→ Problem statement
Restate word for word the lines of the records below, starting at the line that contains "Observaciones: Determinación hecha" and ending at the line that contains "- 카카오가 쇼핑몰 운영자에게 카카오싱크 간편설정 팝업을 출력합니다.", with both of those lines included and nothing else.

→ Input records
====

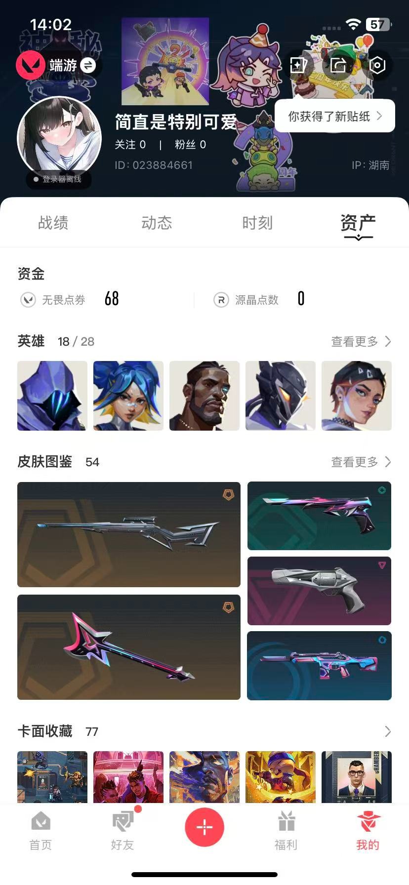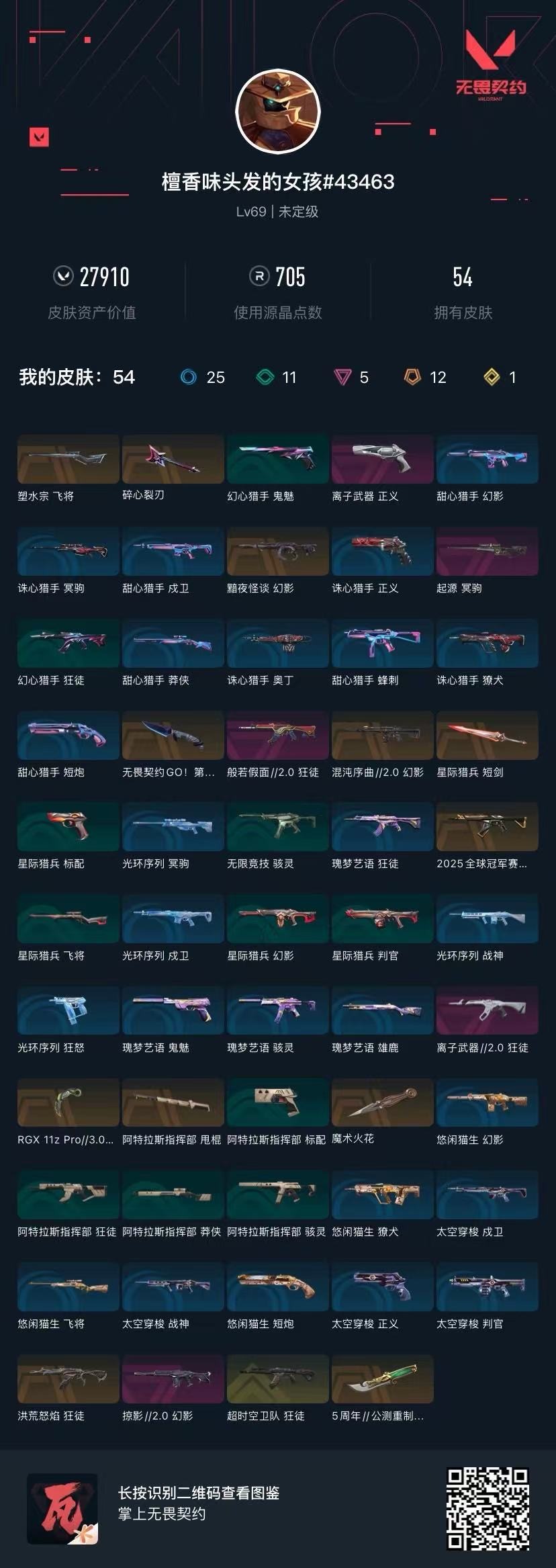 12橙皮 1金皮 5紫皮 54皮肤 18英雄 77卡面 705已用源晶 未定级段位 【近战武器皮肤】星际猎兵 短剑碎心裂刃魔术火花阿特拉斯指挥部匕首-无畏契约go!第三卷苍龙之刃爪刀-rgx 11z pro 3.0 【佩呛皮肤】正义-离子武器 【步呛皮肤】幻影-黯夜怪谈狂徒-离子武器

====

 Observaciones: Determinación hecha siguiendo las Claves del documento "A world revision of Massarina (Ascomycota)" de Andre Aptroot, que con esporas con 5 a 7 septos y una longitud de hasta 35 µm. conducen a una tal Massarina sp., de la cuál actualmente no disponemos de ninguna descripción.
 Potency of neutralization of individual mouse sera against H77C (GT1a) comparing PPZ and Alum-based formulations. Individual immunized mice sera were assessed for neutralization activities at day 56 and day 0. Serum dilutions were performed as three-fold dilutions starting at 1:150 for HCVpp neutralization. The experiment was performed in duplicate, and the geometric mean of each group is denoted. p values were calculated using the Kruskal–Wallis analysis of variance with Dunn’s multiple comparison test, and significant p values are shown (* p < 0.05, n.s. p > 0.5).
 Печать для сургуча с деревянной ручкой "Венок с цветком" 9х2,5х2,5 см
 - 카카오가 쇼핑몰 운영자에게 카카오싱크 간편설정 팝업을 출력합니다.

====

→ Result of this exercise
 Observaciones: Determinación hecha siguiendo las Claves del documento "A world revision of Massarina (Ascomycota)" de Andre Aptroot, que con esporas con 5 a 7 septos y una longitud de hasta 35 µm. conducen a una tal Massarina sp., de la cuál actualmente no disponemos de ninguna descripción.
 Potency of neutralization of individual mouse sera against H77C (GT1a) comparing PPZ and Alum-based formulations. Individual immunized mice sera were assessed for neutralization activities at day 56 and day 0. Serum dilutions were performed as three-fold dilutions starting at 1:150 for HCVpp neutralization. The experiment was performed in duplicate, and the geometric mean of each group is denoted. p values were calculated using the Kruskal–Wallis analysis of variance with Dunn’s multiple comparison test, and significant p values are shown (* p < 0.05, n.s. p > 0.5).
 Печать для сургуча с деревянной ручкой "Венок с цветком" 9х2,5х2,5 см
 - 카카오가 쇼핑몰 운영자에게 카카오싱크 간편설정 팝업을 출력합니다.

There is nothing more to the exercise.